**Records provided**
BEGIN

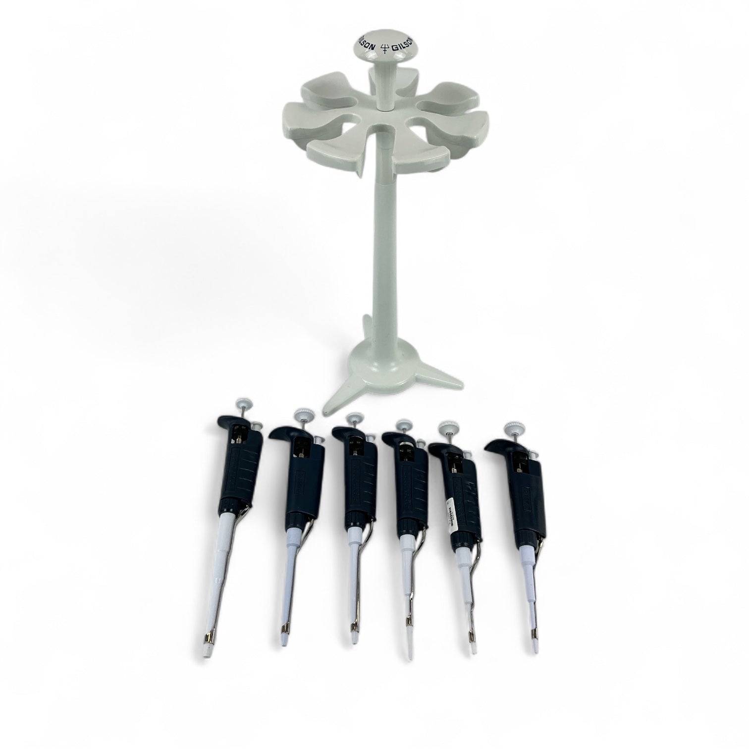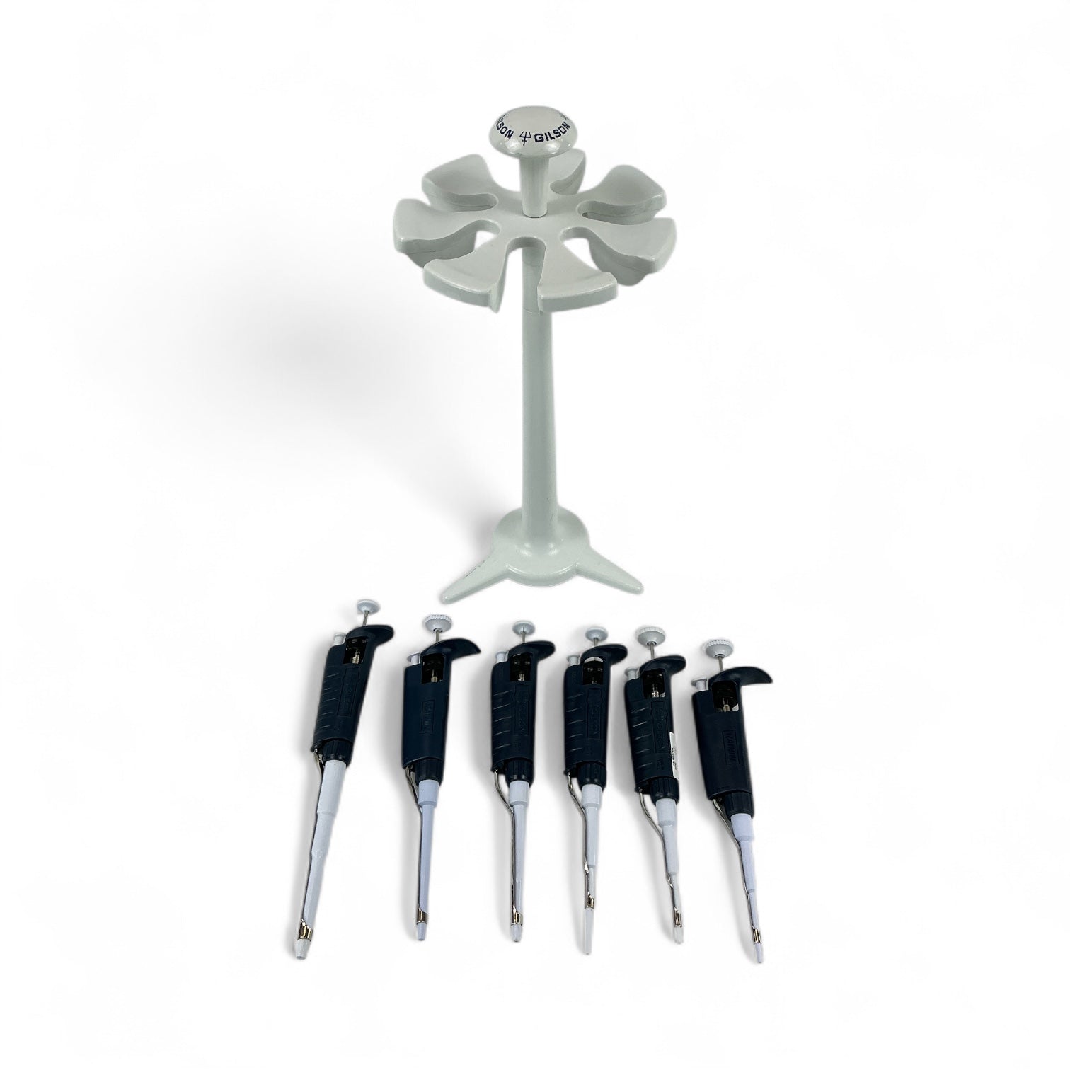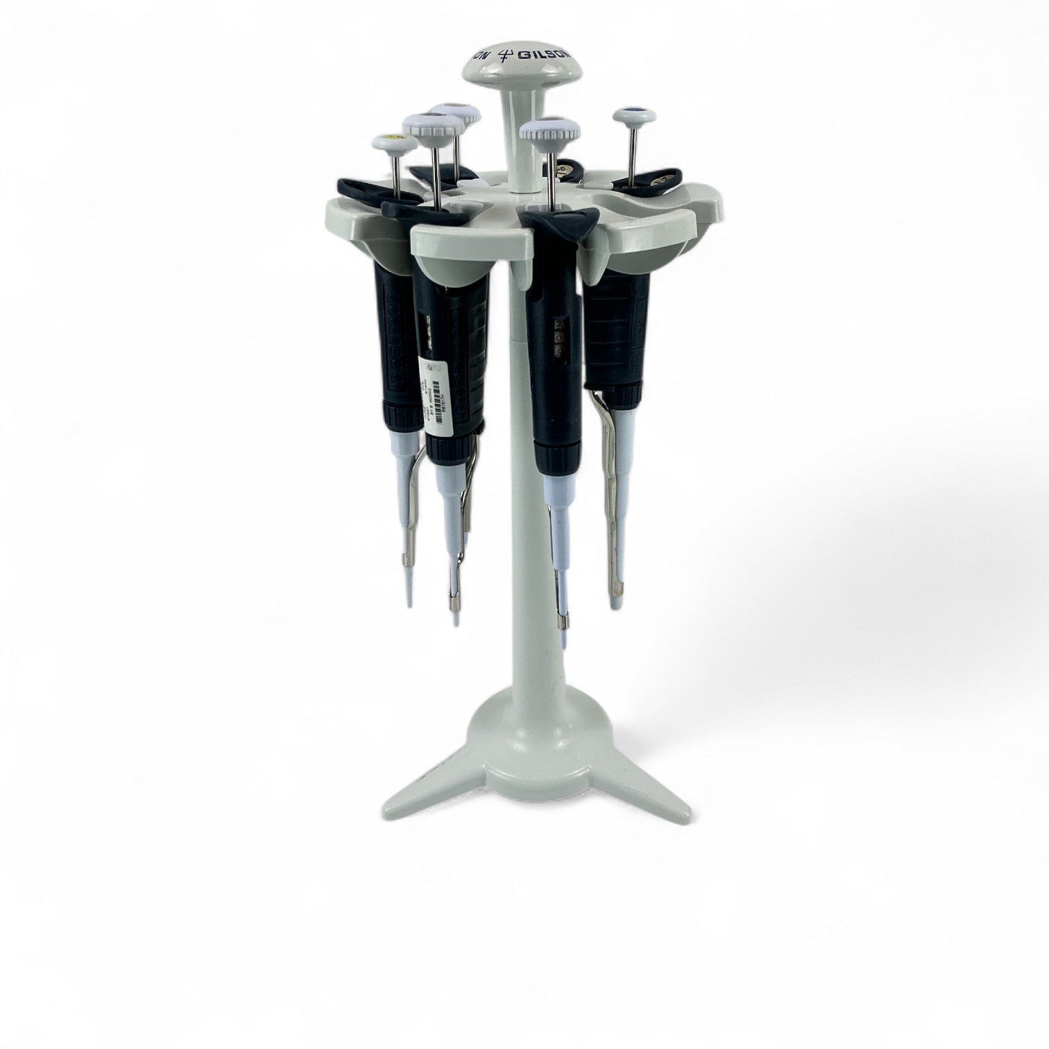Gilson Pipetman 6-Pipette Set w/ Carousel & Wall Mount – Tested – Cal Expired
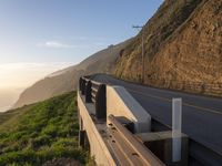 Scenic view of a highway with grass and shrubs along it on the hillside next to an ocean view in California, USA. The road made of asphalt stretches through a stunning landscape with mountains in the background. This picturesque scene captures the beauty of nature, as the sun rises over the coast, illuminating the clear sky with contrails. The road is well-maintained with a concrete bridge, guard rail, and Armco barrier, providing a safe thoroughfare through the mountain pass. The rock wall and slope add a touch of ruggedness to the scenery, creating a striking contrast. A perfect image to depict the scenic beauty of California and the coastal highway.
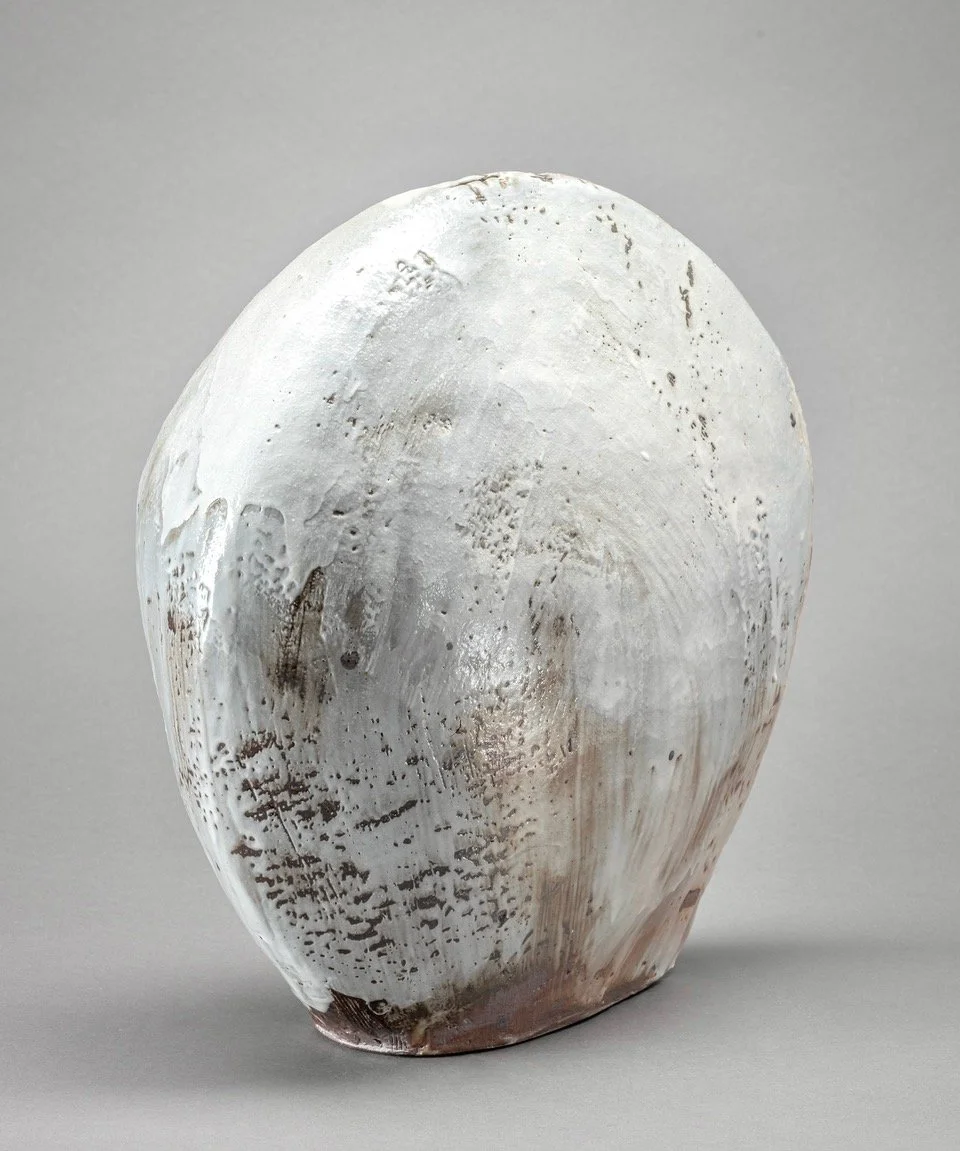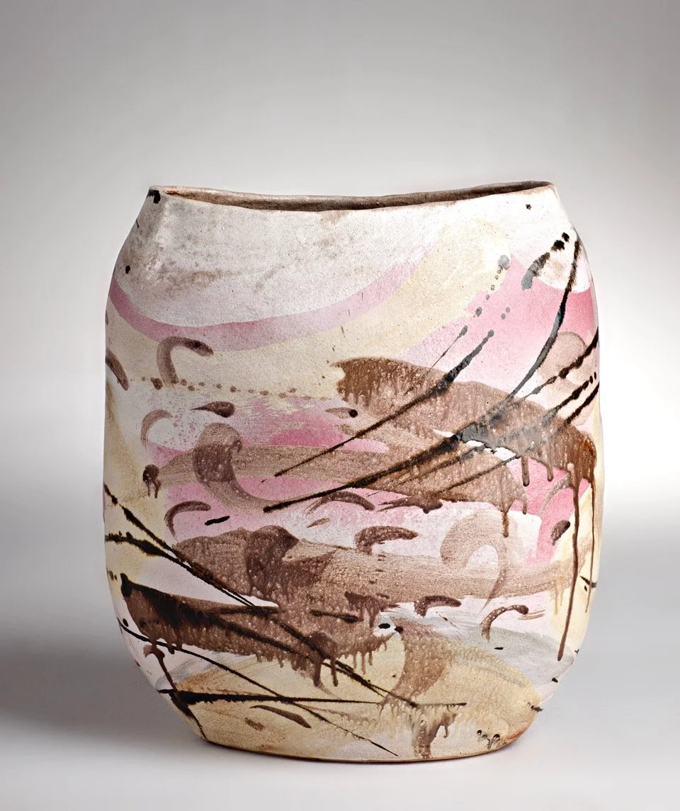 Open-necked, hand-built, ceramic elliptical form, multi-glazed and multi-fired
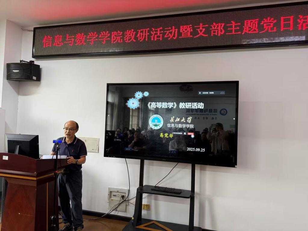 在教研环节,易觉非老师作专题分享,系统梳理了高等数学函数与极限的内容框架与重难点,并强调应科学定位AI在教学中的角色,为教学方法优化提供方向。
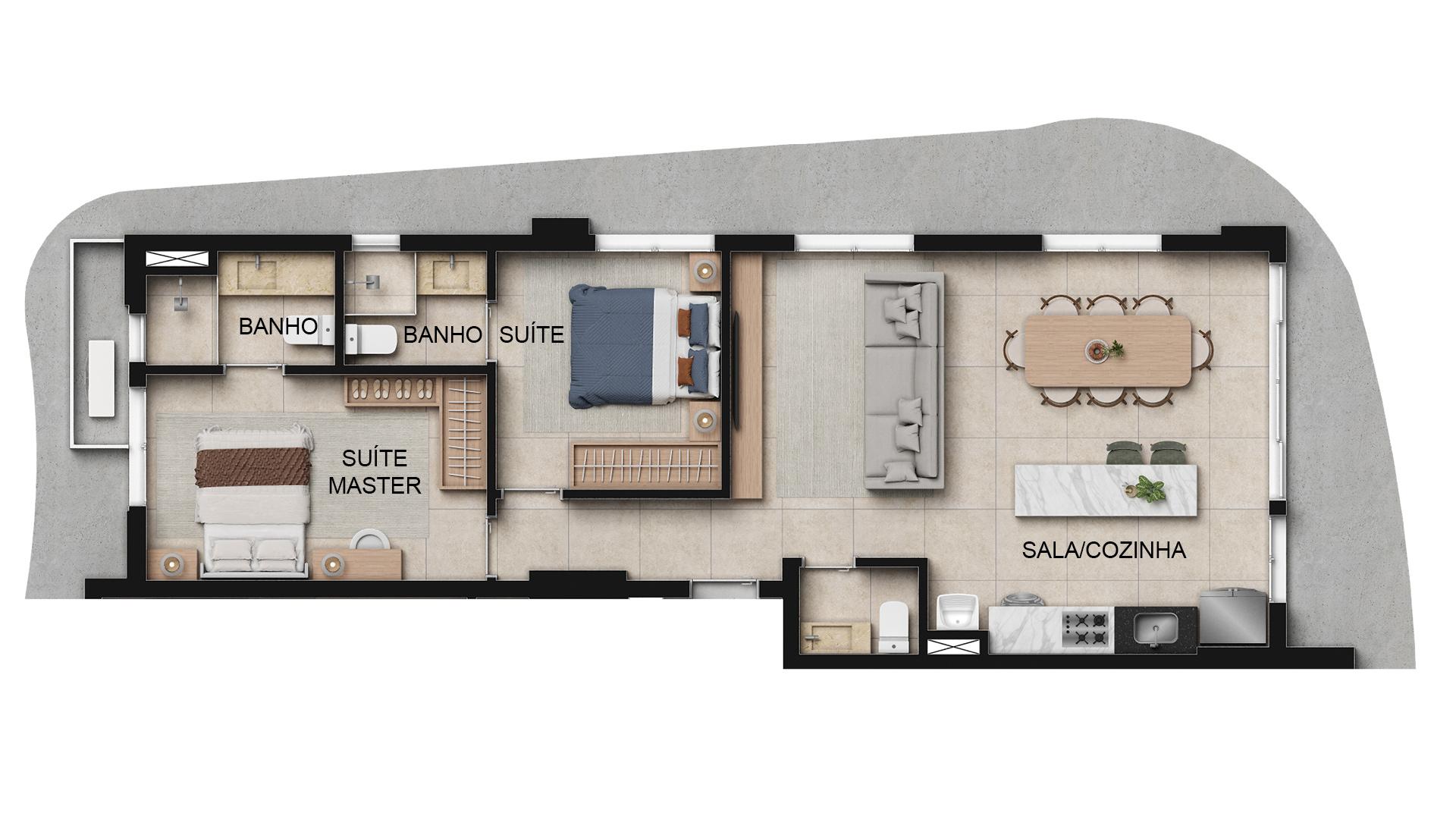 Os apartamentos do Opus Zoom variam entre 36 m² e 71 m², com unidades de 1 suíte entre 36 m² e 38 m² e opções de 2 suítes com 71 m². Os espaços foram planejados para otimizar a funcionalidade, com acabamentos contemporâneos e integração visual proporcionada por janelas amplas. A estrutura inclui tecnologia embarcada e pontos de conectividade que valorizam o conforto diário.
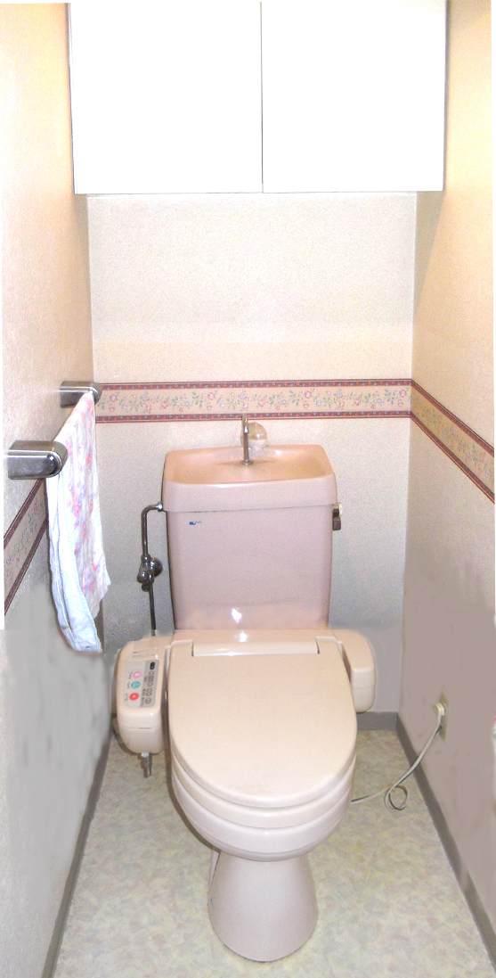 経年劣化による便器の水漏れから、手洗付の便器の取替えをお考えになられたというI様のご要望は、奥様の大好きなプロヴァンス風トイレへのリニューアル。手洗器も付けられたいとのことでした。
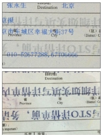 | 受取人の情報(bào)が記された速達(dá)伝票(上寫(xiě)真)?;端虼丹堡?0秒あまりで字が消えて見(jiàn)えなくなる(下寫(xiě)真)。 |
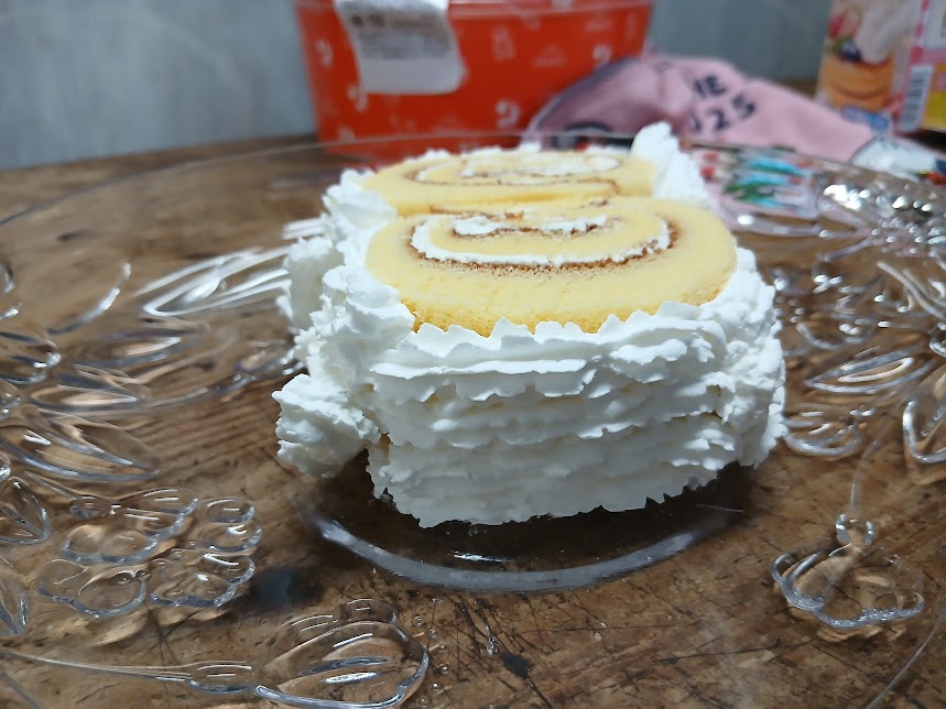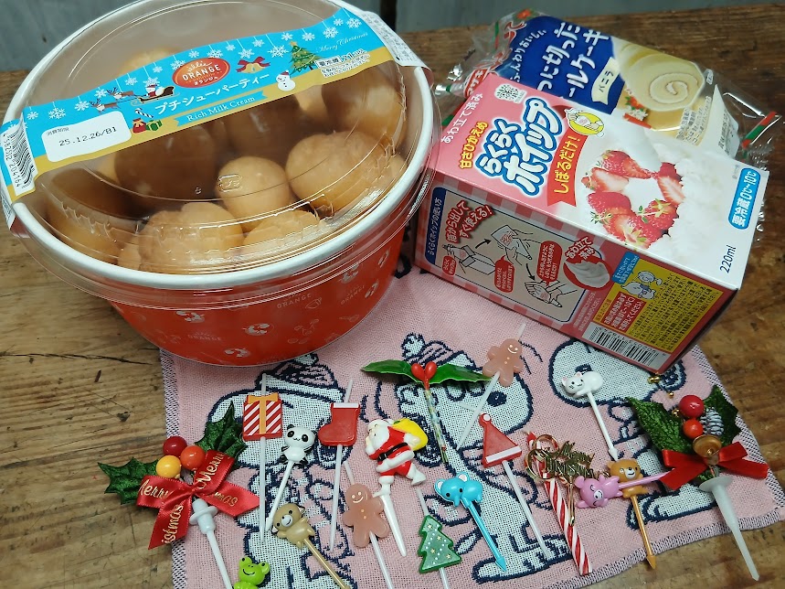 今年も後10日程となった22日にオーナーが緊急入院となり、ケーキを買いに行く気持ちになれなかったが、やっぱり少し雰囲気を味わいたくて、買い物に行ったついでに見つけたものでなんちゃってケーキを作りました。

END

**Task requirements**
Each record must be repeated verbatim, and no picture may appear in the copy.

**Exercise output**
Gilson Pipetman 6-Pipette Set w/ Carousel & Wall Mount – Tested – Cal Expired
 Scenic view of a highway with grass and shrubs along it on the hillside next to an ocean view in California, USA. The road made of asphalt stretches through a stunning landscape with mountains in the background. This picturesque scene captures the beauty of nature, as the sun rises over the coast, illuminating the clear sky with contrails. The road is well-maintained with a concrete bridge, guard rail, and Armco barrier, providing a safe thoroughfare through the mountain pass. The rock wall and slope add a touch of ruggedness to the scenery, creating a striking contrast. A perfect image to depict the scenic beauty of California and the coastal highway.
 Open-necked, hand-built, ceramic elliptical form, multi-glazed and multi-fired
 在教研环节,易觉非老师作专题分享,系统梳理了高等数学函数与极限的内容框架与重难点,并强调应科学定位AI在教学中的角色,为教学方法优化提供方向。
 Os apartamentos do Opus Zoom variam entre 36 m² e 71 m², com unidades de 1 suíte entre 36 m² e 38 m² e opções de 2 suítes com 71 m². Os espaços foram planejados para otimizar a funcionalidade, com acabamentos contemporâneos e integração visual proporcionada por janelas amplas. A estrutura inclui tecnologia embarcada e pontos de conectividade que valorizam o conforto diário.
 経年劣化による便器の水漏れから、手洗付の便器の取替えをお考えになられたというI様のご要望は、奥様の大好きなプロヴァンス風トイレへのリニューアル。手洗器も付けられたいとのことでした。
 | 受取人の情報(bào)が記された速達(dá)伝票(上寫(xiě)真)?;端虼丹堡?0秒あまりで字が消えて見(jiàn)えなくなる(下寫(xiě)真)。 |
 今年も後10日程となった22日にオーナーが緊急入院となり、ケーキを買いに行く気持ちになれなかったが、やっぱり少し雰囲気を味わいたくて、買い物に行ったついでに見つけたものでなんちゃってケーキを作りました。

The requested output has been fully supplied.